# Retro Cyclist... need clips for old-school clip/strap pedals



## mml373 (Sep 15, 2018)

Hi. I am getting away from clipless pedals due to a neurological issue that makes them dangerous for me (temporary lack of sensation - I can't always be confident my feet are in clipped pedals and might pop out of them due to lack of control over foot/ankle.) Where can I find clips for traditional toe clip/toe strap pedals? Thank you.


----------



## robc in wi (Sep 8, 2011)

Bicycle Shoe Cleats for Toeclip Pedals $29.95 at Yellow Jersey

Yellow Jersey is a brick and mortar store in Arlington, WI. The owner is Andy Muzi who owned the Yellow Jersey bike shop in Madison for decades and specializes in steel bike restorations, vintage parts, as well as modern steel like Waterford and Gunnar.


----------



## Oxtox (Aug 16, 2006)

https://www.google.com/search?q=toe...2f7dAhUNUKwKHX-sC9QQ_AUIDigB&biw=1786&bih=949


----------



## 1500SLR (Sep 30, 2018)

Cinelli also makes "Kink" straps for that in between feeling where you just slip your foot into a regular pedal of your choice.


----------



## hfc (Jan 24, 2003)

If there’s is a coordination or sensation issue with your feet, you may find toe clips to be a challenge as entry and exit from the toe clip needs to be a little more precise than a lot of the more forgiving clipless pedal systems.
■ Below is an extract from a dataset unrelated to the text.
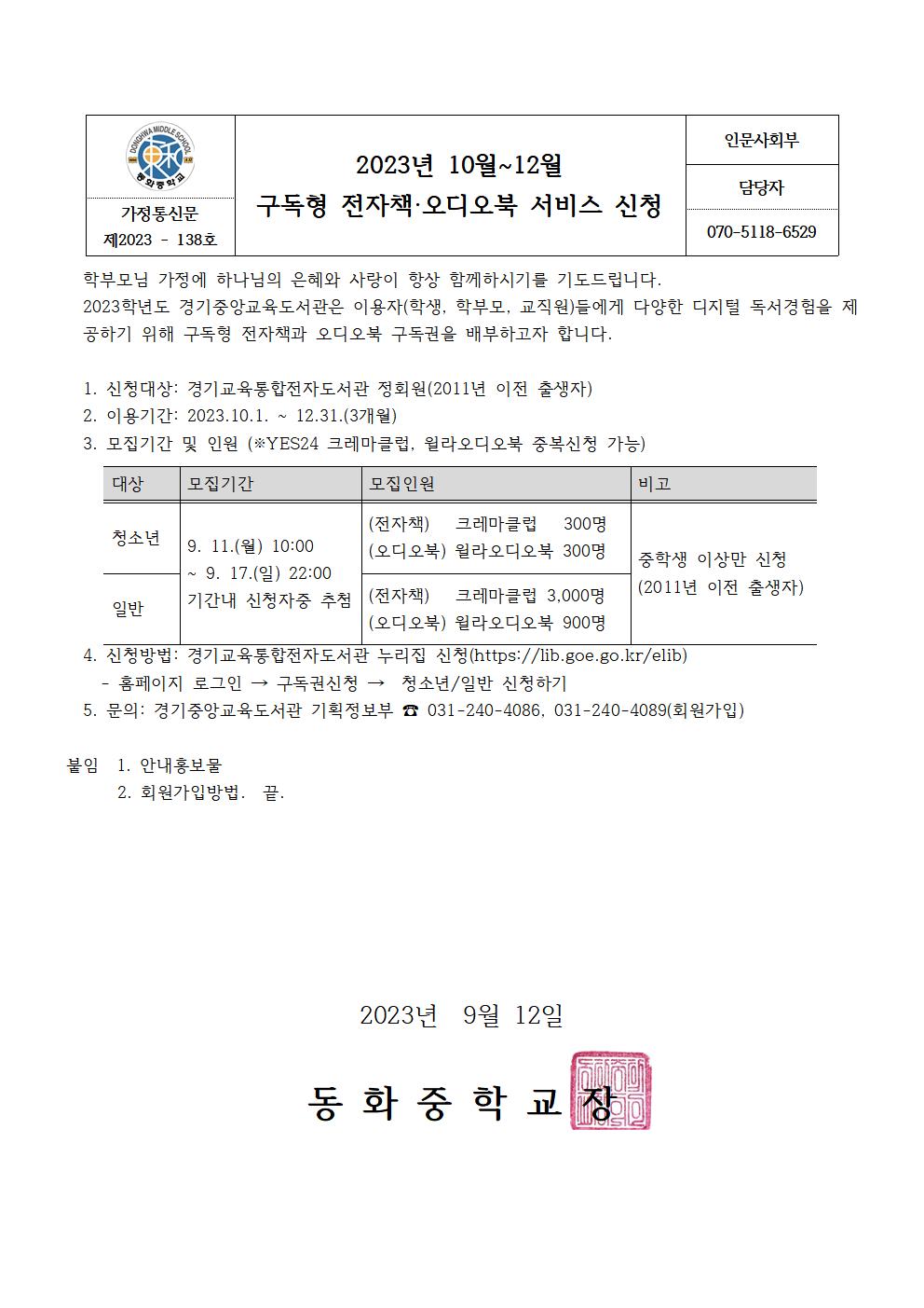 2023³â 10¿ù~12¿ù ±¸µ¶Çü ÀüÀÚÃ¥¡¤¿Àµð¿ÀºÏ ¼­ºñ½º ½Åû ¾È³»

You might consider a simple flat, hard sole bike shoe and the cages alone.


----------



## mml373 (Sep 15, 2018)

Thank you. Good info, and I appreciate the tip.


----------



## mml373 (Sep 15, 2018)

Thank you, hfc. Main concern is popping out of clipless due to what has improved to minor ataxia. I feel more secure with clips/straps. That said, I've been doing OK with my old Time clipless pedals...

Hopefully this neuro stuff will be a distant memory someday not too far from now.


----------